Another variation is to start by drawing two cards (game 1); return both cards to the pack; draw one card from the pack and compare it with the second card from game 1—this is game 2. After 713 games, 714 cards in total would have been drawn, because 2 cards are drawn for game 1 and thereafter only 1 card is drawn. This changes the results, but the odds are 1/17 for success and 16/17 for failure as before. In this case the gains are 714*37/17=42*37=$1554 and the losses are 16*714*5/17=42*80=$3360, with an overall loss of $1806. [Because this solution has amounts in exact dollars, it looks like the answer that was expected.]
ALTERNATIVE APPROACH
Consider the following sequence of 16 draws:
The following sequence of 17 cards (where S=spades, C=clubs, D=diamonds, H=hearts):
SCCDCHCSDDHDSHHSS
consists of the following 16 draws:
- SC
- CC
- CD
- DC
- CH
- HC
- CS
- SD
- DD
- DH
- HD
- DS
- SH
- HH
- HS
- SS
All 16 possible permutations of two card suits are included in these draws, and the permutation DD appears as number 9. It requires 17 cards to be drawn to create this list. So DD occurs once in 16 draws.

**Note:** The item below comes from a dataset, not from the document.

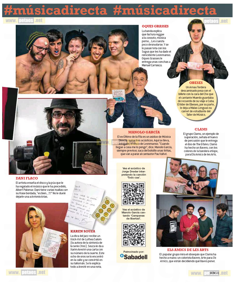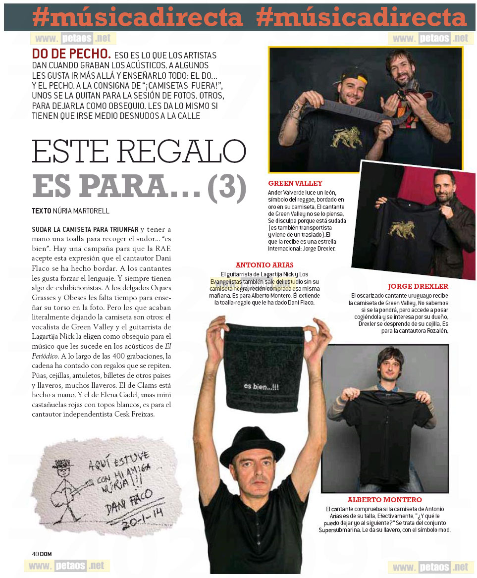Sudar la camiseta para triunfar y tener a mano una toalla para recoger el sudor… «es bien». Hay una campaña para que la RAE acepte esta expresión ,e el cantautor Dani Flaco se ha hecho bordar. A los cantantes les gusta forzar el lenguaje. Y siempre tienen algo de exhibicionistas. A los delgados Oques Grasses y Obeses les falta tiempo para ense-ñar su torso en la foto. Pero los que acaban literalmente dejando la camiseta son otros: el vocalista de Green Valley y el guitarrista de Lagartija Nick la eligen como obsequio para el músico que les sucede en los acústicos de El Periódico. A lo largo de las 400 grabaciones, la cadena ha contado con regalos que se repiten. Púas, rejillas, amuletos, billetes de otros países y llaveros, muchos llaveros. El de Claros está hecho a mano. Y el de Elena Gadel, unas mini castañuelas rojas con topos blancos, es para el cantautor independentista Cesk Freixas.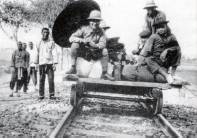 Ли Цзи (впереди слева) и Дун Цзобинь (впереди справа) лично занимаются транспортировкой оборудования на место раскопок руин Инь

Now we turn to the probabilities. There are 13 cards of each suit. So when the first card is drawn, there is a probability of 13/52=1/4 of picking a particular suit. That leaves 51 cards in the pack and we have 12 cards of that suit remaining, giving us a probability of 12/51=4/17. Combine the probabilities and we get 1/4×4/17=1/17 of picking two cards of the same suit, and 1-1/17=16/17 of failing to do so. It means that we win $37 only once and we lose 16×5=$80, with a net loss of $43. After drawing the second card we return both cards to the pack, remembering the suit of the second card. Now we draw a third card with a probability of 1/4 of picking the required suit. But we are comparing the suit of the third card with that of the second card, for which the probabity 4/17 applied. So again the probability is still 1/17 (=4/17×1/4) for two cards of the same suit. The probability of 1/17 persists all along the sequence as we draw just one card to make up a pair.
The second S in draw 16 starts the next sequence, a further 16 draws. So we can now continue the sequence. We start from draw 1, because it began with S, but we could start anywhere where the first card is S, so, for example, we could start at draw 13, continue to draw 16 then follow up with draws 1-12. Note that after drawing the second card for each draw both cards are returned to the pack.
It happens that 713=714-1=42×17-1. This means we used 714 cards for 713 draws. So after 42 sequences we lose 42×43=$1806.